▶ YOUR OBJECTIVE: Restate word for word the section of the entries that opens at the line containing "五星支部代表——党史党建党性" and closes at the line containing "A full-stack website", both lines kept, pictures dropped.

Records contained in a dataset
*** Begin section ***
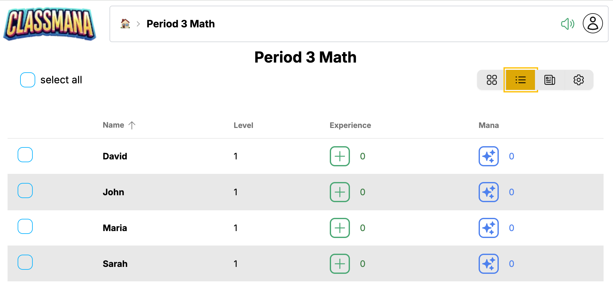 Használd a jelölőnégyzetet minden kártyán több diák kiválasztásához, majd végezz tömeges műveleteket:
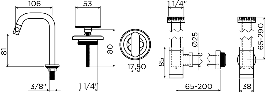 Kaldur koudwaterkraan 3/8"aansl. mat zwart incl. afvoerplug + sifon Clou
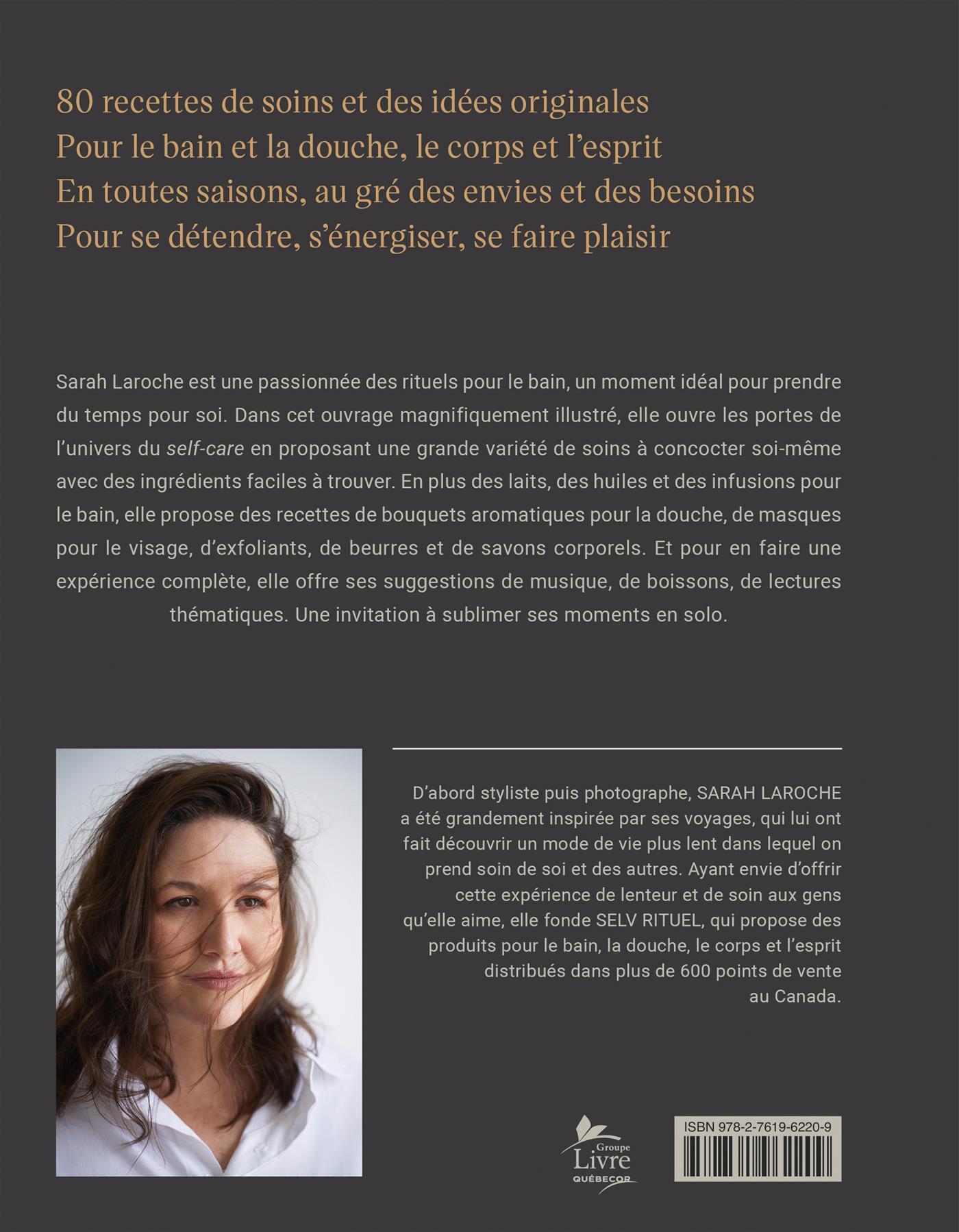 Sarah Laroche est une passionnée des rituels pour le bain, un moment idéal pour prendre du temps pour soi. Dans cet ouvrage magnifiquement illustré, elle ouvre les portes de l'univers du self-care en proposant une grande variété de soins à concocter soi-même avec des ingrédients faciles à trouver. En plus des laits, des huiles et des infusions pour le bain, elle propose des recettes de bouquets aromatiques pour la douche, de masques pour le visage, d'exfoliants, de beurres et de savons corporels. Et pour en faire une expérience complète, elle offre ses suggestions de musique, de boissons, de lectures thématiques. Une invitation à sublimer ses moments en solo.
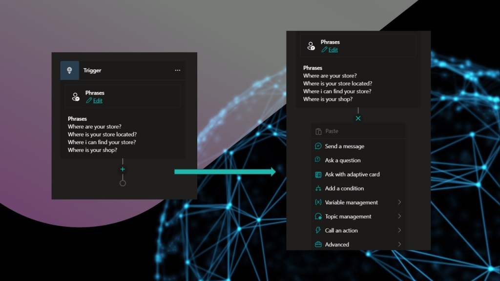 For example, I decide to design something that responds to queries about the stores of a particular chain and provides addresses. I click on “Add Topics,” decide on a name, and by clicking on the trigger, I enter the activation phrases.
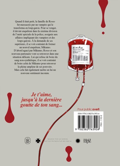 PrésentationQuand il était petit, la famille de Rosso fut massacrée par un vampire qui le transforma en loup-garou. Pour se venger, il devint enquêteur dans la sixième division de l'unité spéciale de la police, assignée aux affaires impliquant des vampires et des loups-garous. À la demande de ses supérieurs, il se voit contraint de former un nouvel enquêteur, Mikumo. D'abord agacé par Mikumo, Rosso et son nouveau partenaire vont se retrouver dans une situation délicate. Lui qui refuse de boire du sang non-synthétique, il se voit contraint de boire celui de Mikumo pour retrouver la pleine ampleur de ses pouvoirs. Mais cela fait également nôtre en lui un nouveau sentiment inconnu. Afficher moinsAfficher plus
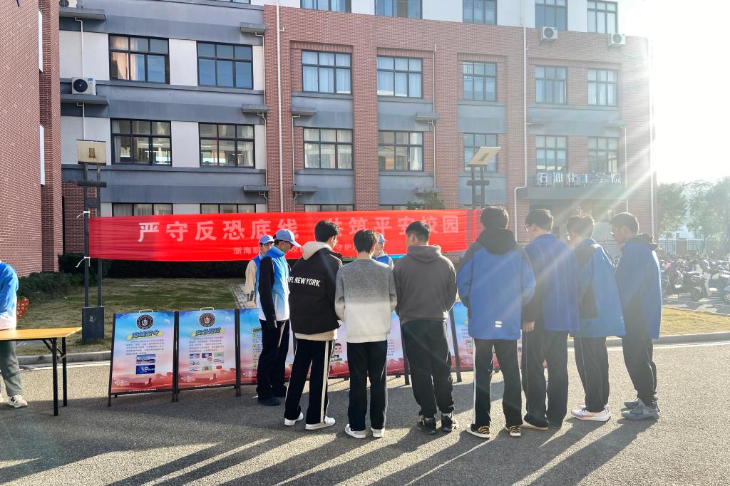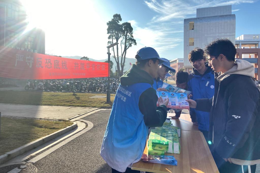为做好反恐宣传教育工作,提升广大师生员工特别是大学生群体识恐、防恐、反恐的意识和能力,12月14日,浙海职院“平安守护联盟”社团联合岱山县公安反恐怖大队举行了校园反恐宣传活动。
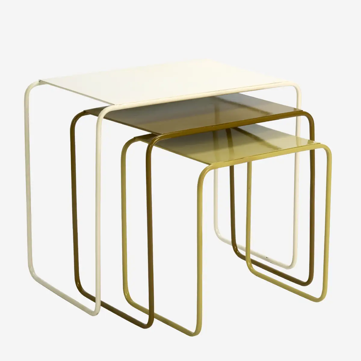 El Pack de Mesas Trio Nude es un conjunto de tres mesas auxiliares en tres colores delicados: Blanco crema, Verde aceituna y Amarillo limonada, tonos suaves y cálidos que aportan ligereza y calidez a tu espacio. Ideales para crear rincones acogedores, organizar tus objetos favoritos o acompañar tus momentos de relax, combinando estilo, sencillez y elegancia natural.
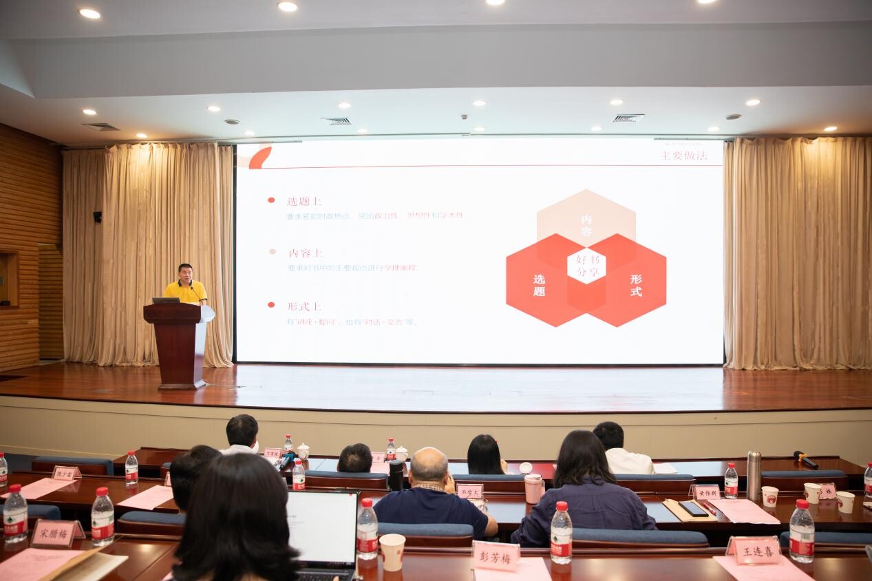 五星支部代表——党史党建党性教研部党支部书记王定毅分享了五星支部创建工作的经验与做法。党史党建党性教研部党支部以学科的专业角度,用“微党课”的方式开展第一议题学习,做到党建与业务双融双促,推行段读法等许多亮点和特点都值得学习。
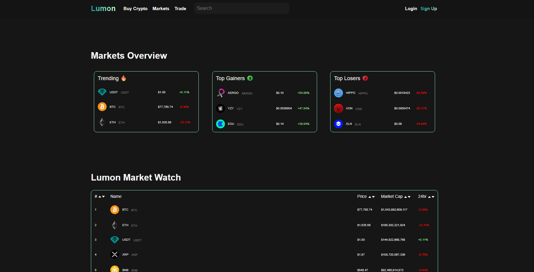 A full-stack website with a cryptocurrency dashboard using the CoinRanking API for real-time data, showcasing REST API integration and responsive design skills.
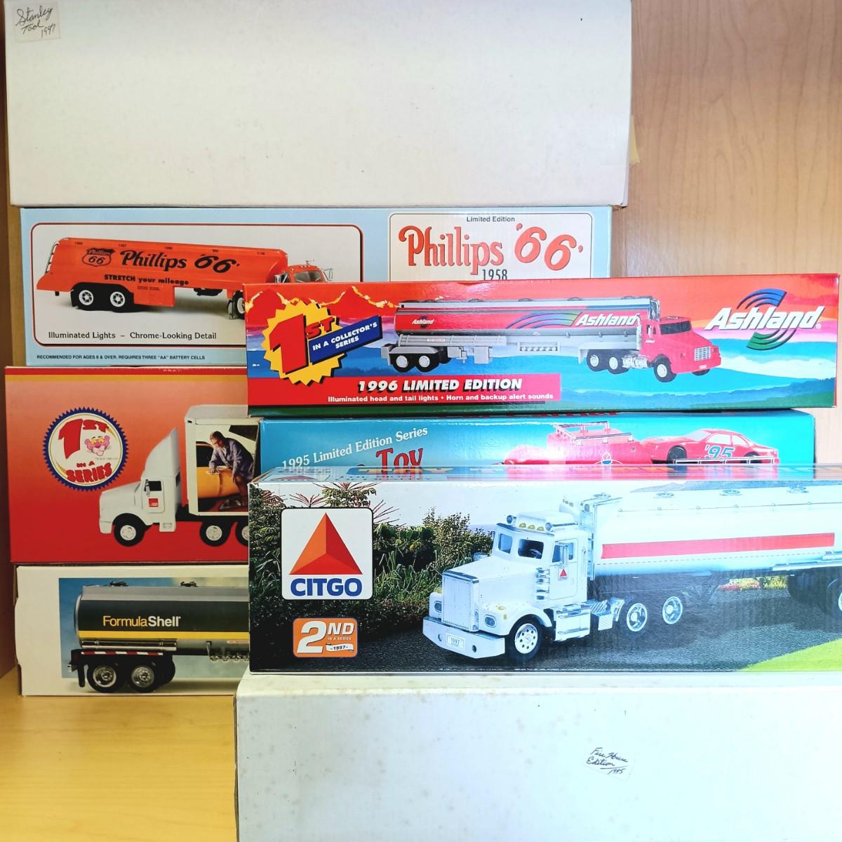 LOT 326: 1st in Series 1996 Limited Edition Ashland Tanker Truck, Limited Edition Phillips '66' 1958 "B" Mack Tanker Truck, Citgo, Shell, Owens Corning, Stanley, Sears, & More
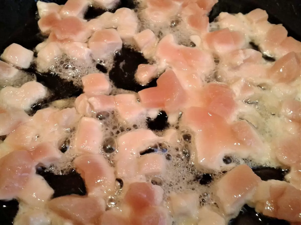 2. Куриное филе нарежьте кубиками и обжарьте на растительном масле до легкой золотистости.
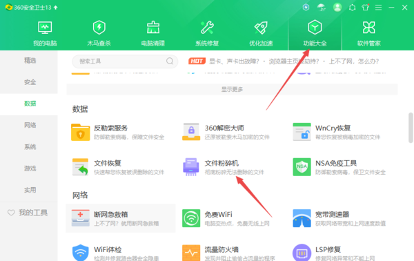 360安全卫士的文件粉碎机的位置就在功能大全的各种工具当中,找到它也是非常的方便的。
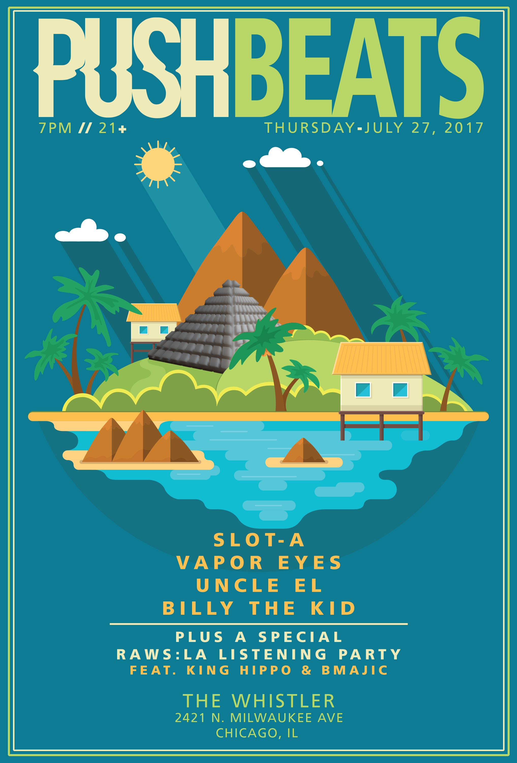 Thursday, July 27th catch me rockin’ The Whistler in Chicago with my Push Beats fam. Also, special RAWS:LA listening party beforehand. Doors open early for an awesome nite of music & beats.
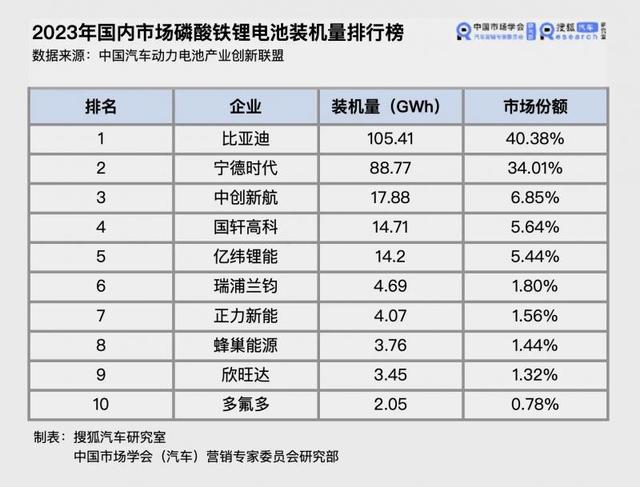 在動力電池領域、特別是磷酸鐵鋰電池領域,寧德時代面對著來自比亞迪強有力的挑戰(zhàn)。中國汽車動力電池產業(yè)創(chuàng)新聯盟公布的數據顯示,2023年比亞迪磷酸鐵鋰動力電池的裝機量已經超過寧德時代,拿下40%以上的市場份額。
*** End section ***
▶ TASK ANSWER:
 五星支部代表——党史党建党性教研部党支部书记王定毅分享了五星支部创建工作的经验与做法。党史党建党性教研部党支部以学科的专业角度,用“微党课”的方式开展第一议题学习,做到党建与业务双融双促,推行段读法等许多亮点和特点都值得学习。
 A full-stack website with a cryptocurrency dashboard using the CoinRanking API for real-time data, showcasing REST API integration and responsive design skills.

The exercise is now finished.